Pak Economy: Cause for Concern?
Ali Nawaz Memon, Maryland, VA

There are indications of Pakistan's economy suffering further reverses. The recent drop in the exchange rate is likely to accelerate. Some feel that we may be heading for an economic implosion. The Islamic Development Bank continues to help with the financing of oil imports, but there are no other significant rescuers in sight. A perusal of the daily newspapers makes disturbing reading. On one day alone (August 25, 2000), DAWN reported the following developments on different pages:

  1. The State Bank said on Thursday Pakistan had a gross liquid foreign exchange reserves of $1.111 billion, including $ 452 million foreign currency deposits of banks lying with SBP. In other words, net foreign exchange reserves stand at $ 659 million. As a matter of prudent policy and to protect the interest of the depositors the State Bank has decided since December 1999 that these deposits would not be utilized for meeting current account deficits.

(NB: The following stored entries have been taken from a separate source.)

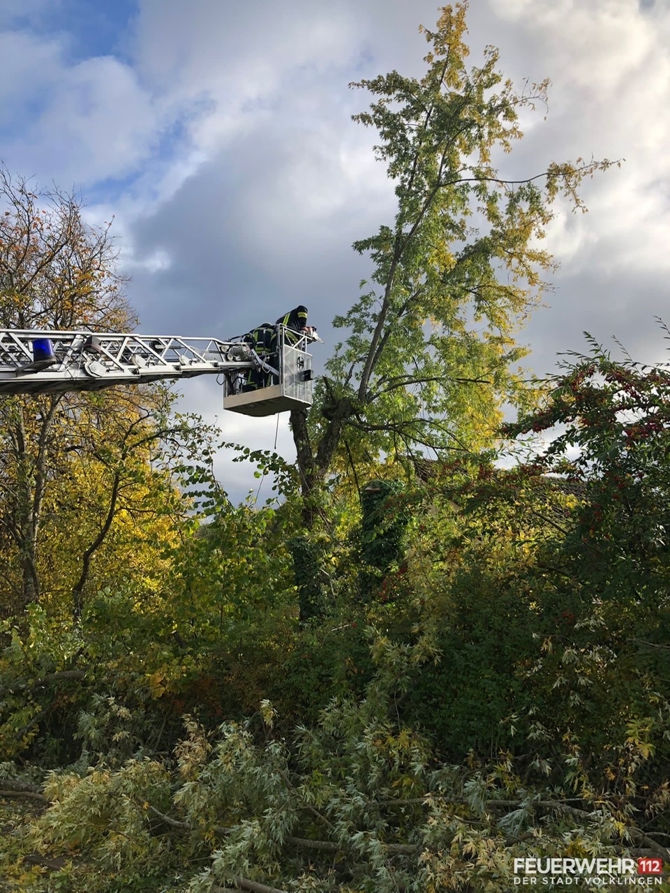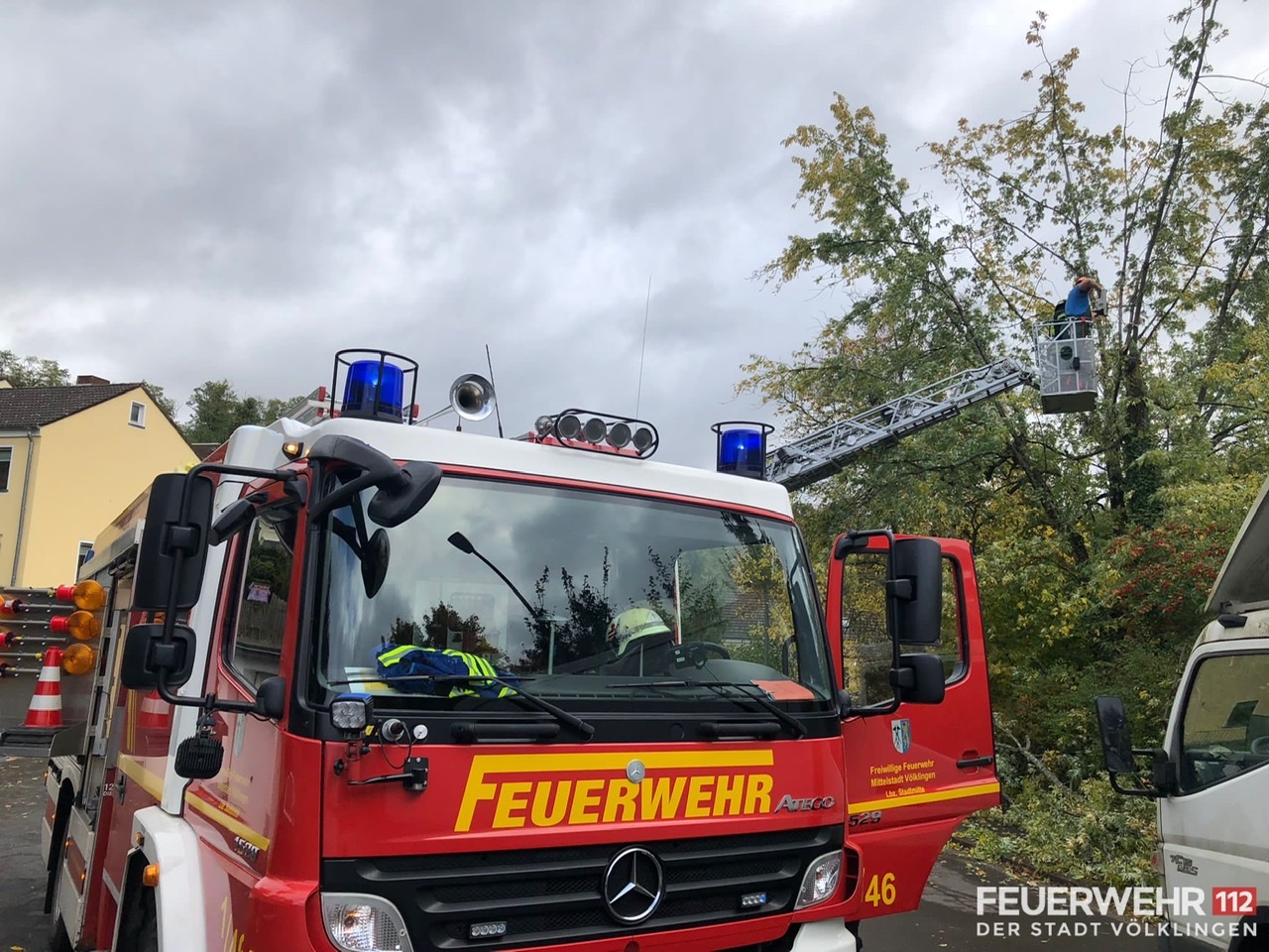 Die Feuerwehr wurde im Zeitraum vom 5:00-14:00 Uhr zu zehn unwetterbedingten Einsätzen im Stadtgebiet alarmiert. Dabei drohten mehrere Bäume auf Straße oder Gebäude zu fallen. Des Weiteren drohten Holzbalken an einem Kirchturm auf den Geweg zu stürzen, sodass Diese vorsorglich mittels Drehleiter entfernt wurden.
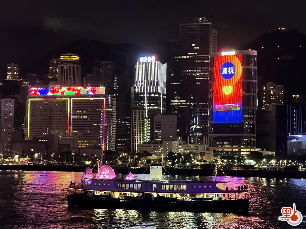特別版「幻彩詠香江」上演,往返尖沙咀至中環或灣仔的天星小輪,船身亦會加上色彩繽紛的燈帶,在匯演時隨音樂轉換躍動。(點新聞記者李九歌攝)
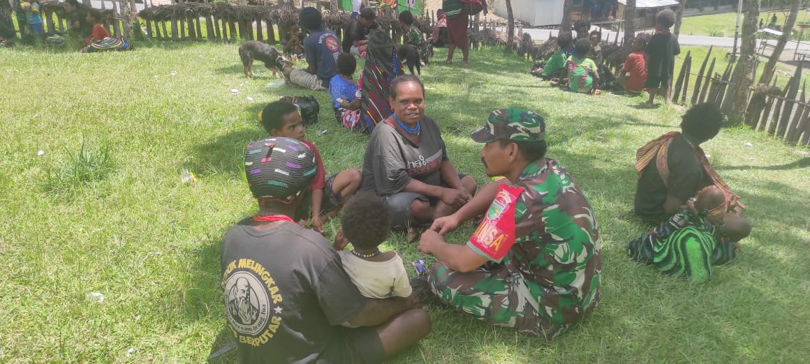 KeizalinNews.com Tingginambut — Dalam rangka meningkatkan keakraban di wilayah binaanya, Babinsa Posramil 1714-06/Tingginambut Serda Heriyanto melaksanakan kegiatan komunikasi sosial (Komsos) dengan Warga Bertempat Di Kampung Yonggun, Distrik Tingginambut, Kabupaten Puncak Jaya, Kamis (10/11/2022).
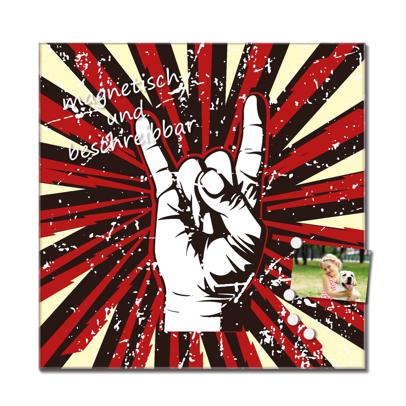 Die banjado Glas Küchenrückwand in verschiedenen Größen mit Motiv Rock On schützt Ihre Küchenfliesen vor Fettspritzern oder Wasserflecken. Der Spritzschutz ist gleichzeitig magnetisch und hält Ihre Rezepte oder Einkaufslisten. 4 Neodym-Magnete und 1 Kreidestift liegen bereits bei. Leuchtende Motive und hochwertiges Material machen den Spritzschutz zum Designobjekt. Das dekorative Glasbild gibt Ihrer Küche ein individuelles Erscheinungsbild. Abgerundete Kanten und Sicherheitsglas sorgen für einen sicheren Einsatz.
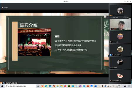 5月14日下午,统计学院于线上举办了优秀毕业生分享会。此次分享会邀请到2019届统计学院优秀毕业生代表乔阳为同学们分享他在学习与工作中的经验与心得。
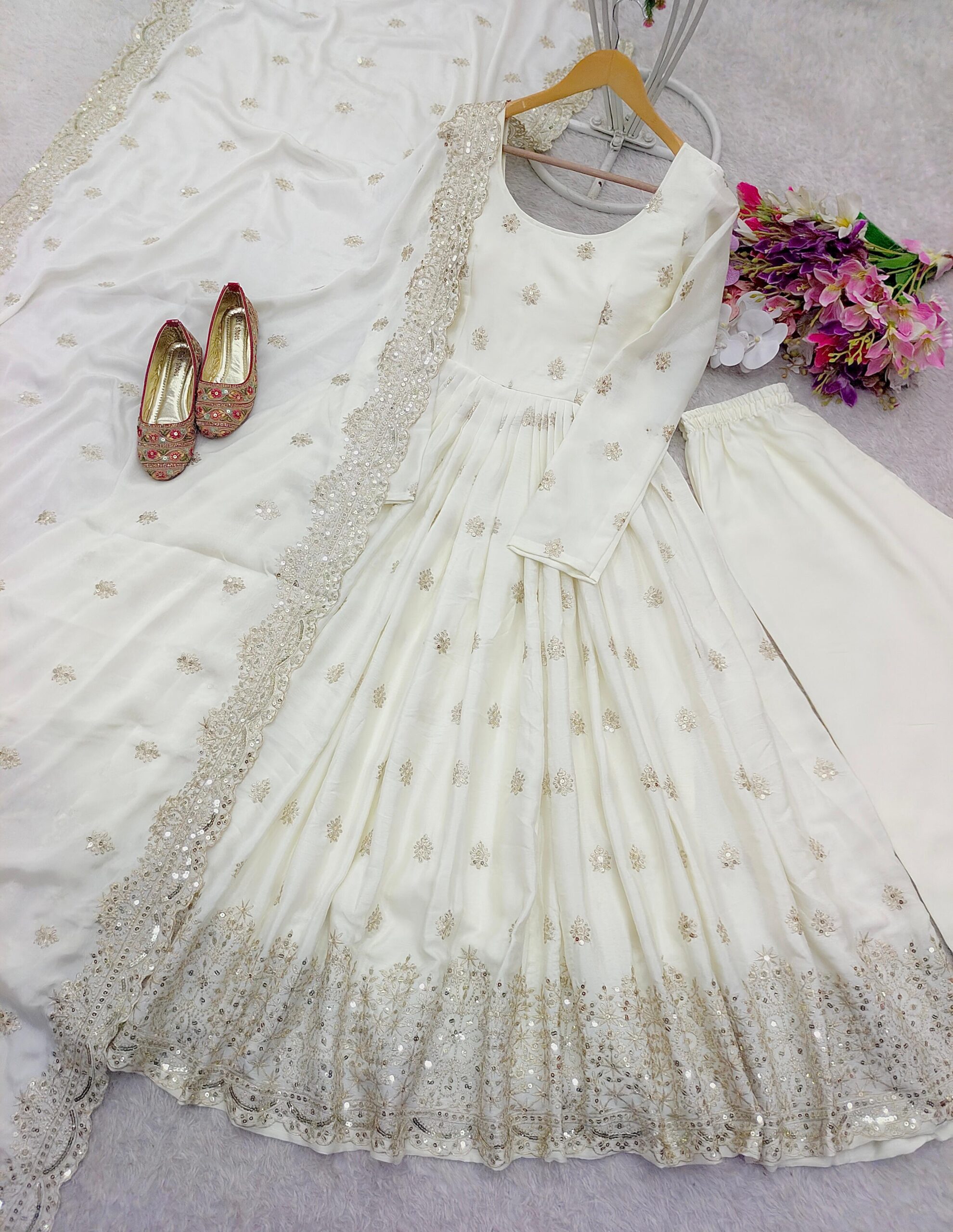 Draped in luxurious Chinon silk and adorned with intricate embroidery & shimmering sequence work, this dreamy gown set is made for moments that matter.
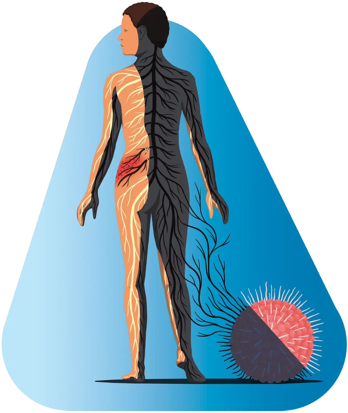 Damit zählt die Gürtelrose zu den häufigen Erkrankungen in Deutschland. Und sie ist wohl eine der unterschätztesten. Denn Herpes Zoster ist keine harmlose Haut- sondern eine ernstzunehmende Nervenerkrankung. Dies zeigt sich im Krankheitsverlauf: Das Virus bahnt sich seinen Weg entlang der Nervenfasern zur Haut und verursacht dort die charakteristischen roten, brennenden Pusteln. Weil diese in den meisten Fällen im Bereich rund um den Gürtel auftreten, wird Herpes Zoster im Volksmund Gürtelrose genannt. Doch schlimmer als der Ausschlag sind die oft quälenden Nervenschmerzen, die mit einer Krankheit einhergehen. Sie halten oft über mehrere Wochen an, in einigen Fällen sogar über Monate oder gar Jahre.
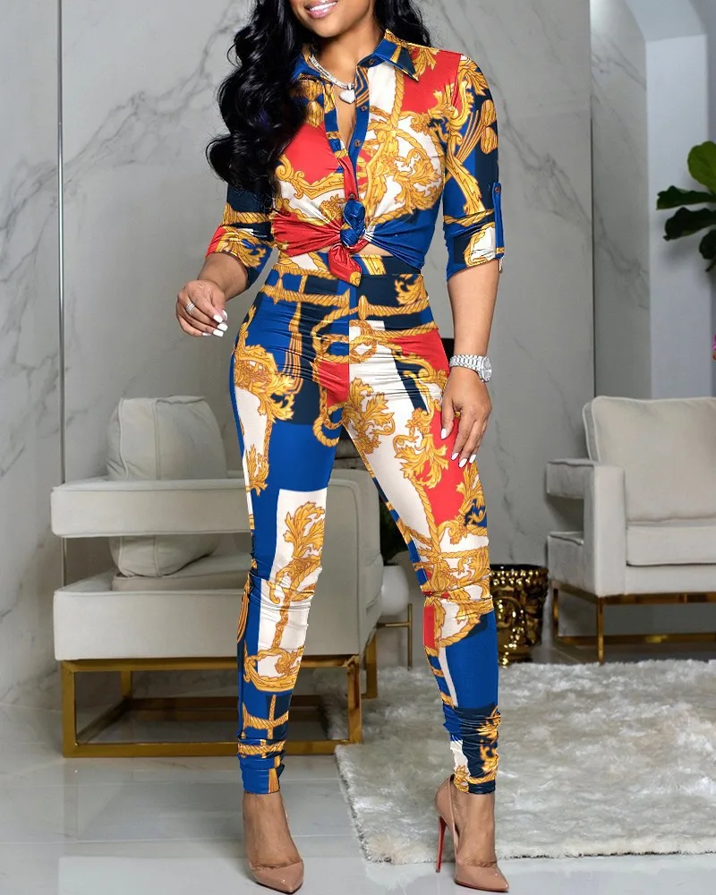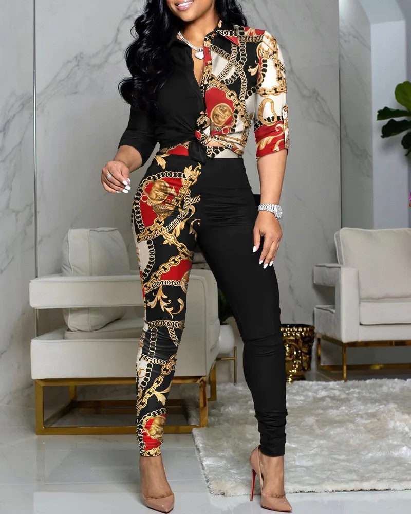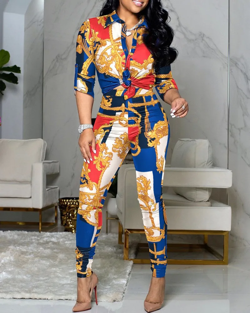Introducing our latest addition - the Colorblock Print Long Sleeve Lapel Shirt Casual Pants Two Piece Set! This premium casual suit is designed to solve the problem of finding a stylish and comfortable outfit for any occasion. Made with high-quality materials, this set offers the perfect fit and is a best seller among our customers. The colorblock print adds a unique touch to the classic design, making it stand out from other options on the market. Don't miss out on this exclusive set, available for a limited time only. Upgrade your wardrobe with our versatile and on-the-go two piece set today!
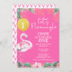 Convite Primeiro aniversario Flamingo Flamingo, cor-de-ros
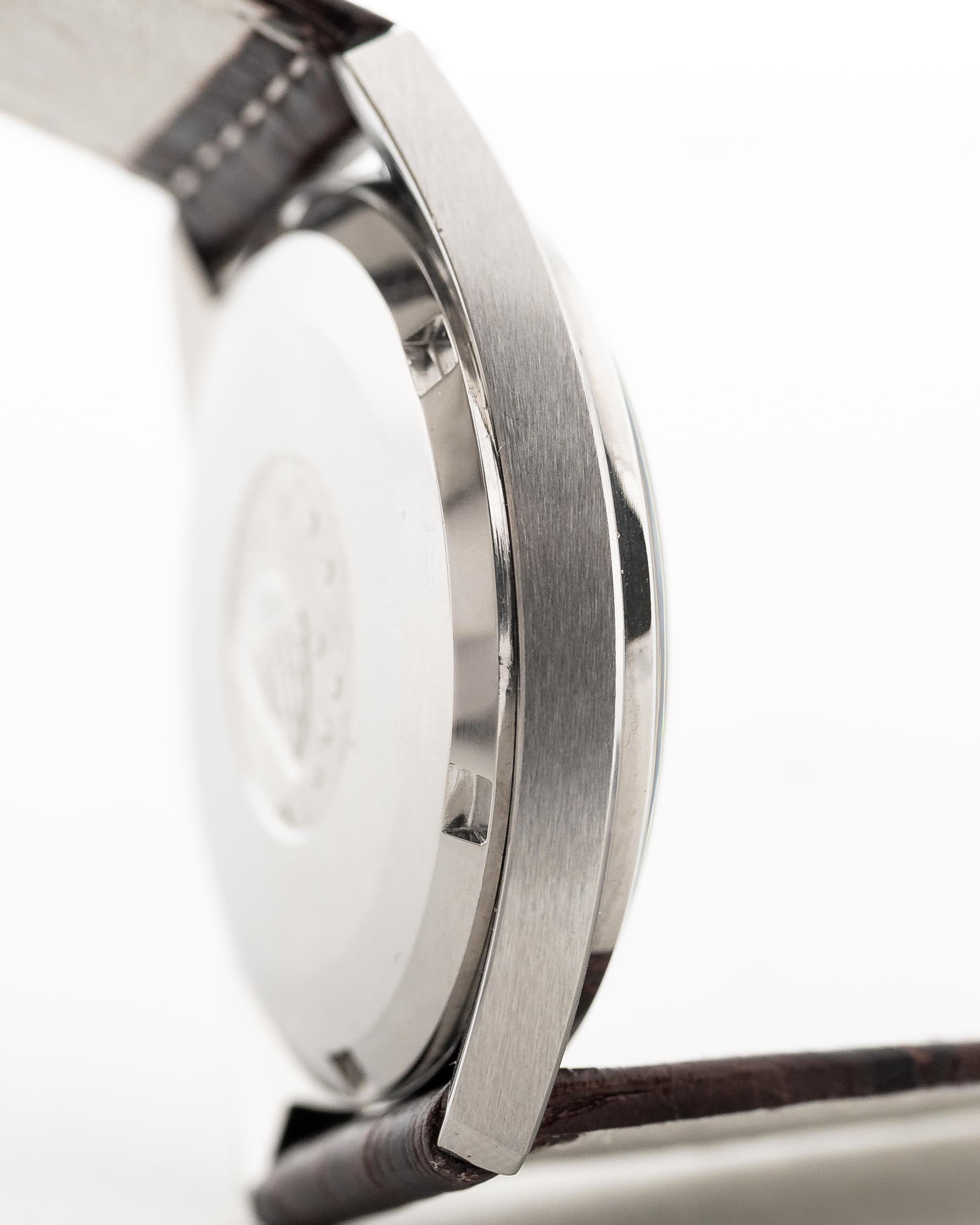 Diese wohlproportionierte, schlichte und klassische Constellation verfügt über einen verschraubten Gehäuseboden und das Omega Automatik-Chronometer Kaliber 564.
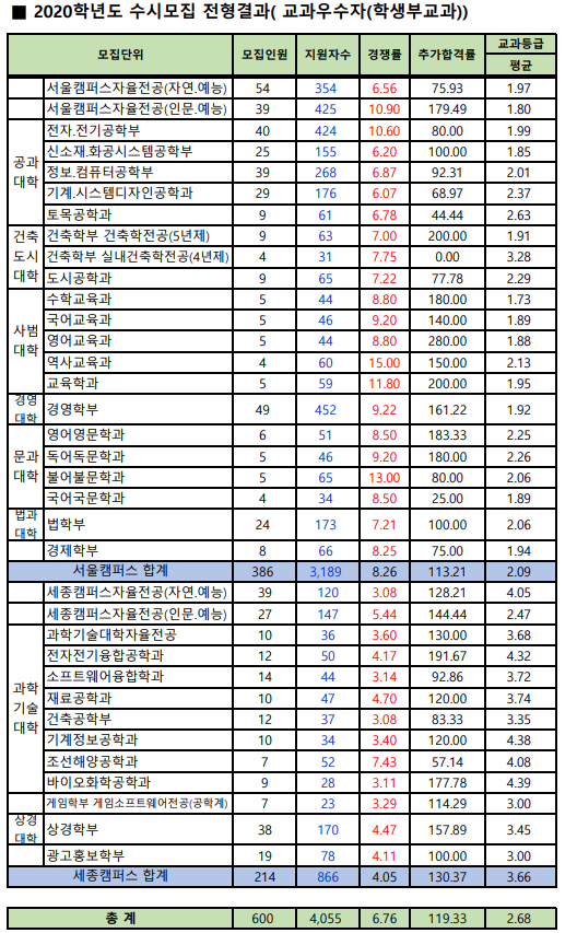2020학년도 수시모집 입시결과 교과우수자

  2. Since May 1999 Pakistan has received only $125 million from the Asian Development Bank and has been net exporter of capital to international financial institutions. In addition to debt servicing payments of $ 3.6 billion,which the country had to make during 1999-2000, oil price increase in the world market has resulted in an additional import bill of $ 1.3 billion.

  3. The emphasis is on selling of state assets.  The government will keep on adding more public sector companies in the two phased, short and long term, 49 entities list project for privatization. The Chief Executive, General Pervez Musharraf has in principle approved the privatization of Pakistan International Airlines Company (PIAC). The meeting also reviewed the bidding results of LPG Business of SSGC, PSO and SNGPL and recommended having resolutions from the respective boards of the companies before obtaining final approval.

  4. The Privatization Commission received a total offer of Rs 630 million when the LPG business of three state-owned companies came under hammer on Thursday.  It is not clear if this is a fair price or distress sale price.

  5. Pakistan has told the International Monetary Fund that the State Bank would have to continue buying foreign exchange from the open market in the current fiscal year. SBP had purchased around $1.6 billion  during the last fiscal year.

  6. An increase of 23.2% has been recorded in non-performing loans (NPLs) during 1999-2000,

  7. Cuts are being made in the budget announced only two months ago. For example, the Sindh government has slashed the budget allocations for the Lyari General Hospital for the fiscal 2000-2001 by over 40%.

I hope that we can find some solutions. I wish that the government would take the citizens in confidence, restore the democratic process, and work with all well-wishers of Pakistan to put the economy back on a sound footing.

The solution lies in generating more revenue, controlling the defense budget, and getting further debt rescheduling. Failure to act on all three fronts can have disastrous effects in the very near future.